We will start our TCP server by first implementing an echo server. It will send a response with the text it received in the request. We will slowly improve our server until it is supervised and ready to handle multiple connections.

A TCP server, in broad strokes, performs the following steps:

  1. Listens to a port until the port is available and it gets hold of the socket
  2. Waits for a client connection on that port and accepts it
  3. Reads the client request and writes a response back

Let's implement those steps. Create a new lib/kv/server.ex and add the following functions:

defmodule KV.Server do
  require Logger

  def accept(port) do
    # The options below mean:
    #
    # 1. `:binary` - receives data as binaries (instead of lists)
    # 2. `packet: :line` - receives data line by line
    # 3. `active: false` - blocks on `:gen_tcp.recv/2` until data is available
    # 4. `reuseaddr: true` - allows us to reuse the address if the listener crashes
    #
    {:ok, socket} =
      :gen_tcp.listen(port, [:binary, packet: :line, active: false, reuseaddr: true])
    Logger.info("Accepting connections on port #{port}")
    loop_acceptor(socket)
  end

  defp loop_acceptor(socket) do
    {:ok, client} = :gen_tcp.accept(socket)
    serve(client)
    loop_acceptor(socket)
  end

  defp serve(socket) do
    socket
    |> read_line()
    |> write_line(socket)

    serve(socket)
  end

  defp read_line(socket) do
    {:ok, data} = :gen_tcp.recv(socket, 0)
    data
  end

  defp write_line(line, socket) do
    :gen_tcp.send(socket, line)
  end
end

We are going to start our server by calling KV.Server.accept(4040), where 4040 is the port. The first step in accept/1 is to listen to the port until the socket becomes available and then call loop_acceptor/1. loop_acceptor/1 is a loop accepting client connections. For each accepted connection, we call serve/1.

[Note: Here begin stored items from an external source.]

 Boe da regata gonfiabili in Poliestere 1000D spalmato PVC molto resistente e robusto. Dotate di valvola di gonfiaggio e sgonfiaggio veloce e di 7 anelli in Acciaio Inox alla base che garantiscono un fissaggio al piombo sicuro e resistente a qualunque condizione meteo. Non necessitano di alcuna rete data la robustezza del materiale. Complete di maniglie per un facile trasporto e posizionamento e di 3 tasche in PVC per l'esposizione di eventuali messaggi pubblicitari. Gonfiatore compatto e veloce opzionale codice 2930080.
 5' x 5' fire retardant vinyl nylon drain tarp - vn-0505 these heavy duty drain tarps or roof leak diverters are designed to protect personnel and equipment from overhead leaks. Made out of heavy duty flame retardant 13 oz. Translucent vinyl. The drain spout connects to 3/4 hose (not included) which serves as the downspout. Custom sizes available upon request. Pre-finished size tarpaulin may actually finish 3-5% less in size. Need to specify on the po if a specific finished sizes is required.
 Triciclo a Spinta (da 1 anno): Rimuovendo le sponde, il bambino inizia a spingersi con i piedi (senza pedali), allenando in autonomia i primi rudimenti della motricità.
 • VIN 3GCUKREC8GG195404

serve/1 is another loop that reads a line from the socket and writes those lines back to the socket. Note that the serve/1 function uses the pipe operator |>/2 to express this flow of operations. The pipe operator evaluates the left side and passes its result as the first argument to the function on the right side. The example above:

socket |> read_line() |> write_line(socket)

is equivalent to:

write_line(read_line(socket), socket)

The read_line/1 implementation receives data from the socket using :gen_tcp.recv/2 and write_line/2 writes to the socket using :gen_tcp.send/2.

Note that serve/1 is an infinite loop called sequentially inside loop_acceptor/1, so the tail call to loop_acceptor/1 is never reached and could be avoided. However, as we shall see, we will need to execute serve/1 in a separate process, so we will need that tail call soon.

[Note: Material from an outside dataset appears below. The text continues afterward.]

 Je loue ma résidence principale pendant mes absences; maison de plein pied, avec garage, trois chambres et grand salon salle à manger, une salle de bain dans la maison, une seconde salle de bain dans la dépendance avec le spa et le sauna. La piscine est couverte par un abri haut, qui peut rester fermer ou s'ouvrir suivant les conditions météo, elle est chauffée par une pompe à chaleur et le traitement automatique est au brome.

This is pretty much all we need to implement our echo server. Let's give it a try!

Start an IEx session inside the kv_server application with iex -S mix. Inside IEx, run:

iex> KV.Server.accept(4040)

The server is now running, and you will even notice the console is blocked. Let's use a telnet client to access our server. There are clients available on most operating systems, and their command lines are generally similar:

$ telnet 127.0.0.1 4040
Trying 127.0.0.1...
Connected to localhost.
Escape character is '^]'.
hello
hello
is it me
is it me
you are looking for?
you are looking for?

Type "hello", press enter, and you will get "hello" back. Excellent!

My particular telnet client can be exited by typing ctrl + ], typing quit, and pressing <Enter>, but your client may require different steps.

Once you exit the telnet client, you will likely see an error in the IEx session:

** (MatchError) no match of right hand side value: {:error, :closed}
    (kv) lib/kv/server.ex:45: KV.Server.read_line/1
    (kv) lib/kv/server.ex:37: KV.Server.serve/1
    (kv) lib/kv/server.ex:30: KV.Server.loop_acceptor/1

That's because we were expecting data from :gen_tcp.recv/2 but the client closed the connection. We need to handle such cases better in future revisions of our server.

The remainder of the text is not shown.